Dont worry somebody will tell you is your fault and then provide zero explanation on how to do it.

azuanrb · 2025-12-24T16:39:20 1766594360

I've been dealing with this in 2 ways:

1. Put bunch of bank statements pdf in a folder, give a deterministic output for each pdf. Then ask Claude Code to do whatever I want. Good enough.

2. My preferred approach is similar to above but ask it to write a script instead, eg in Ruby. That way I have proper test, 100% guarantee it'll work and no regression. AI is non deterministic by default so asking any kind of agent to give a deterministic output seems unreliable to me. In the end I've turned it into a CLI, and been using it till now.

That's how I use AI. Indirectly to get what I want. Chat, CLI, it's all just a medium.

cyberrock · 2025-12-24T14:43:55 1766587435

Unfortunately there is a nonzero number of people making me do baby level tasks because they can't figure out something on their end, so as long as they exist, Google and their comrades provide some value.

brap · 2025-12-24T14:43:19 1766587399

I generally agree that they are garbage at producing code beyond things that are trivial. And the fact that non-techies use them as “fact checkers” is also disturbing because they are constantly wrong.

But I have found them to be very helpful for certain things, for example I can dump a huge log file and a chunk of the codebase and ask it to trace the root cause, 80% of the time it manages to find it. Would have taken me many hours otherwise.

jeffbee · 2025-12-24T14:55:27 1766588127

Do you actually pay for all these or are you basing your judgement on the free models (Gemini Fast, etc)?

Anyway the way to succeed in this task is to ask the model to write the program that analyses your bank statements, then read and check the program, and use it.

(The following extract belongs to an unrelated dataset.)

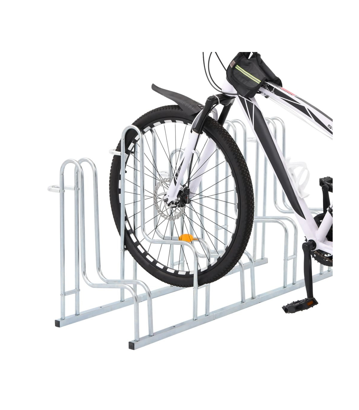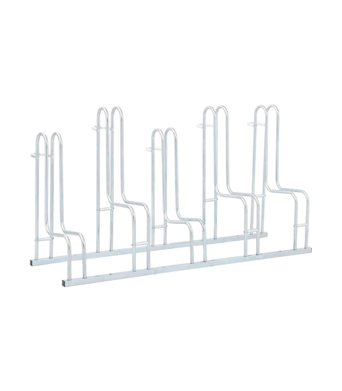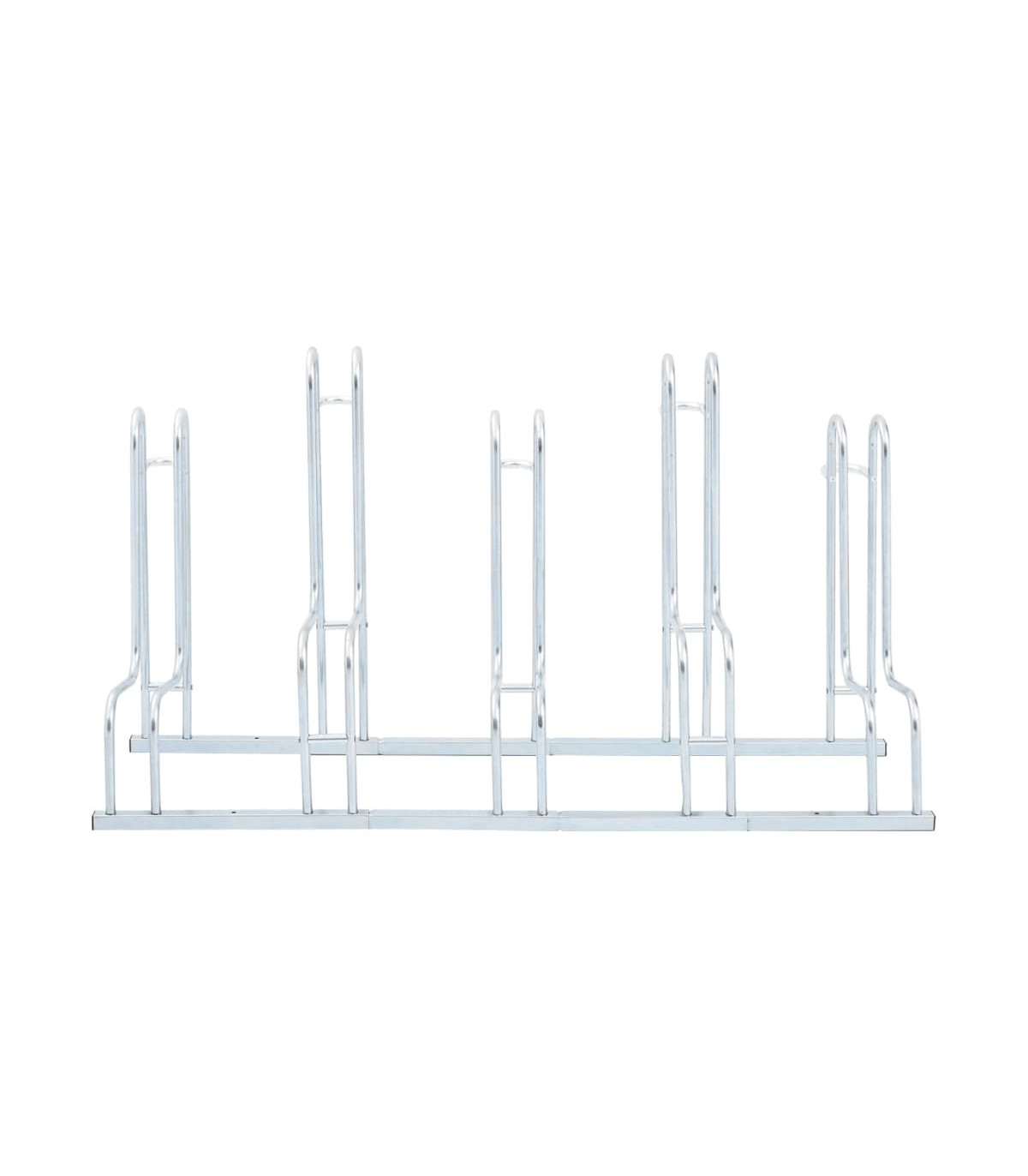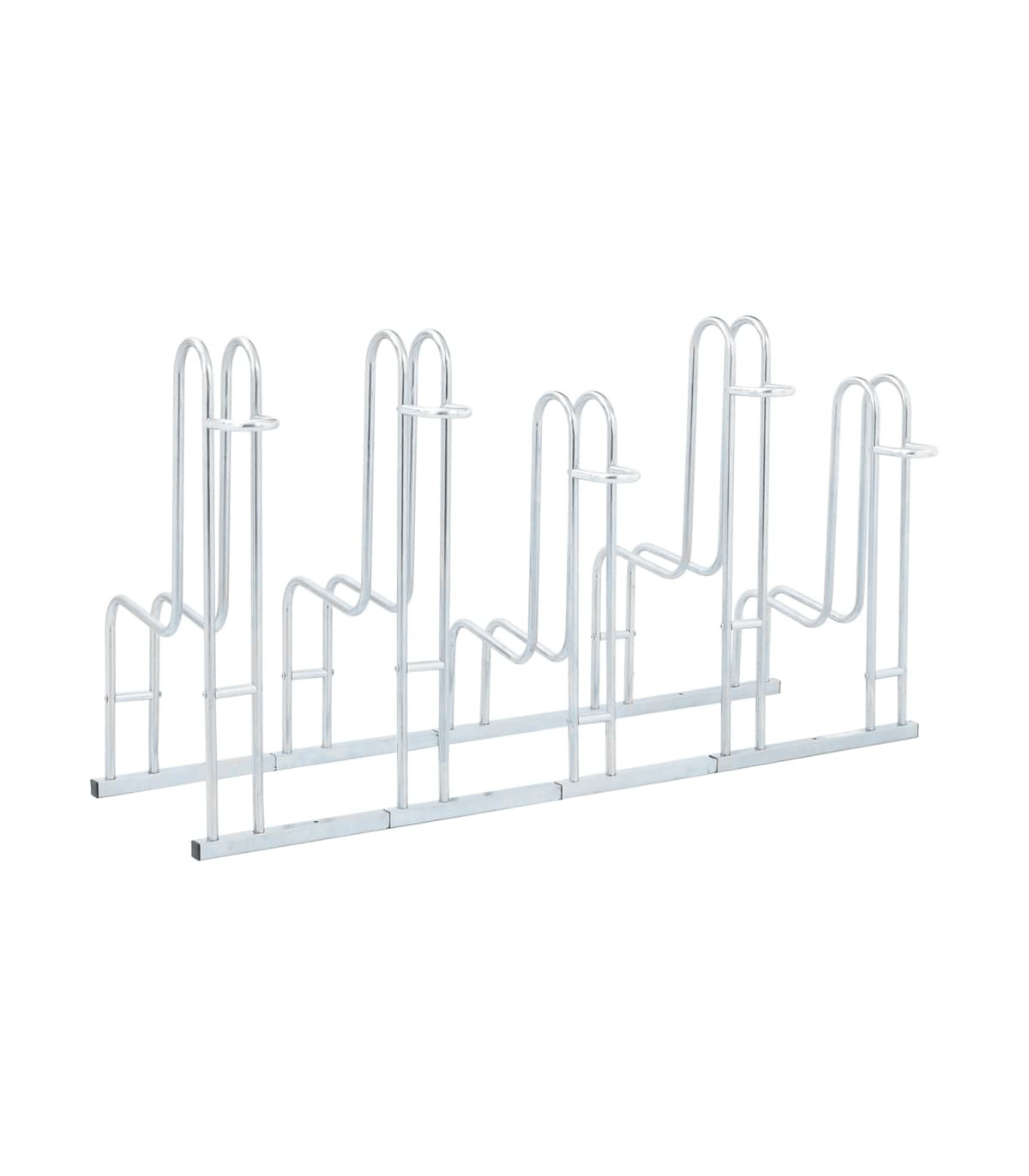 Utilise this bicycle stand to safely and efficiently park your bikes, saving valuable space.Sturdy and long-lasting: This bicycle stand is made of galvanised steel, making it sturdy, corrosion-resistant, long-lasting, and lightweight for easy movement.Space-saving: This bicycle stand has a high-low wheel design and accommodates five bikes without handlebar tangling, optimising space for efficient parking.Stable structure: You can fasten the bicycle stand securely using the provided screws to prevent your bike from tipping or falling, ensuring it remains stable. The stand’s high brackets offer optimal protection for your bike’s rims, making it ideal for various standard mountain bikes, e-bikes, and more.Wide applications: The bicycle stand is perfect for accommodating multiple bikes with tyre widths of up to 55 mm and is suitable for indoor and outdoor use in various settings, including garages, warehouses, schools, shops, and more.
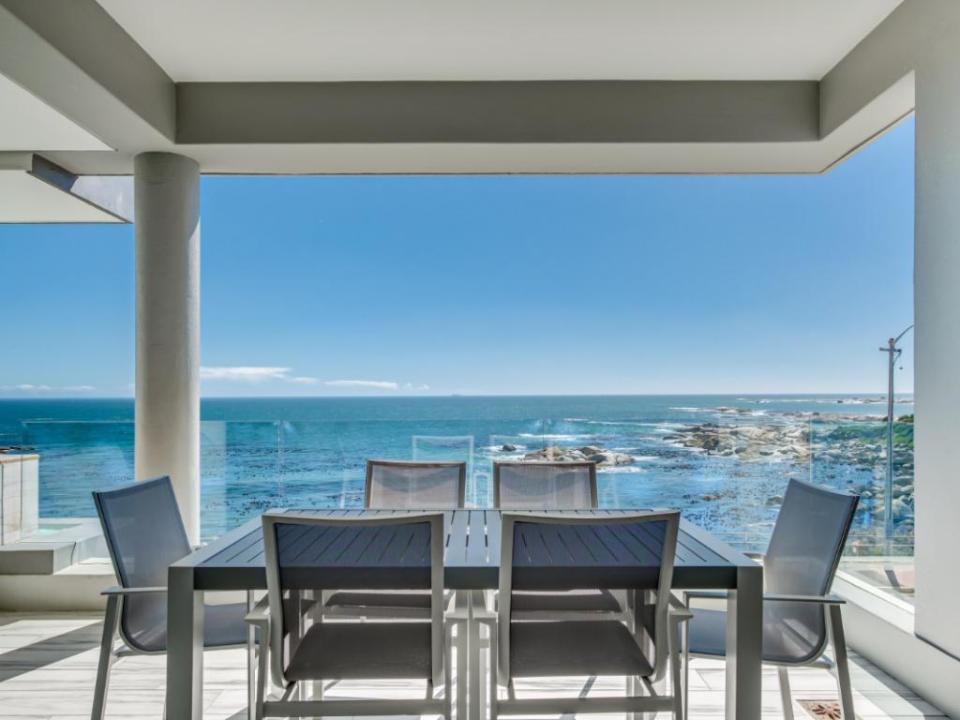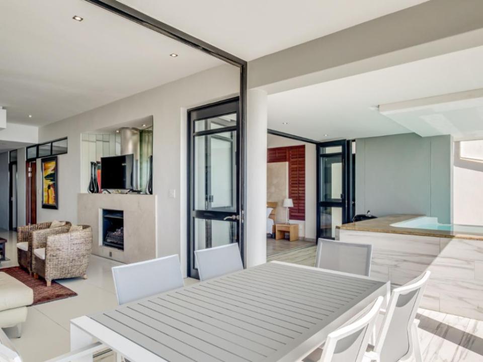 The open plan living and dining area flow through glass doors onto the balcony with amazing views, a private plunge pool, barbeque and outdoor seating for 6 people. TV with DSTV Gas fireplace

wepple · 2025-12-24T14:20:39 1766586039

> Sorry, but AI still seems to be trash at anything moderately more complex than baby level tasks.

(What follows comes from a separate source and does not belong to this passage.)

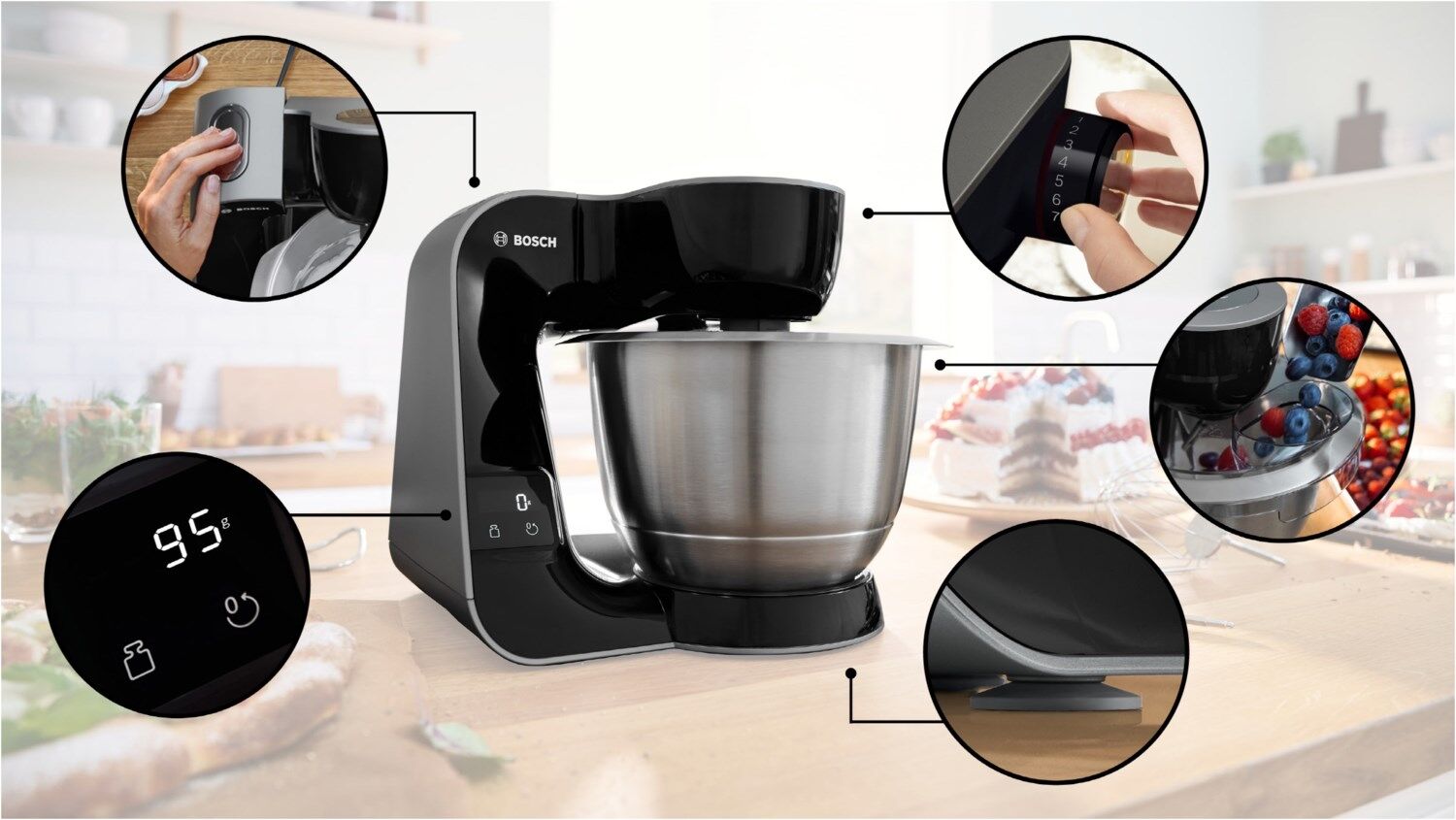 Integrierte Waage: alle Zutaten können direkt in der Schüssel oder im Zubehör gewogen werden.

How familiar are you with the concept of the jagged frontier? That is, AI does indeed fail at things we might expect a third grader to be capable of. However, it is also absolutely exceptional at a lot of things. The trick is A) knowing which is which and B) being able to update yourself when new capabilities are unlocked

So yeah, it’s unsurprising you found a use case it couldn’t trivially do. But being able to one-shot quite complicated applications that may have taken a day to get right previously is an astonishingly useful thing, no?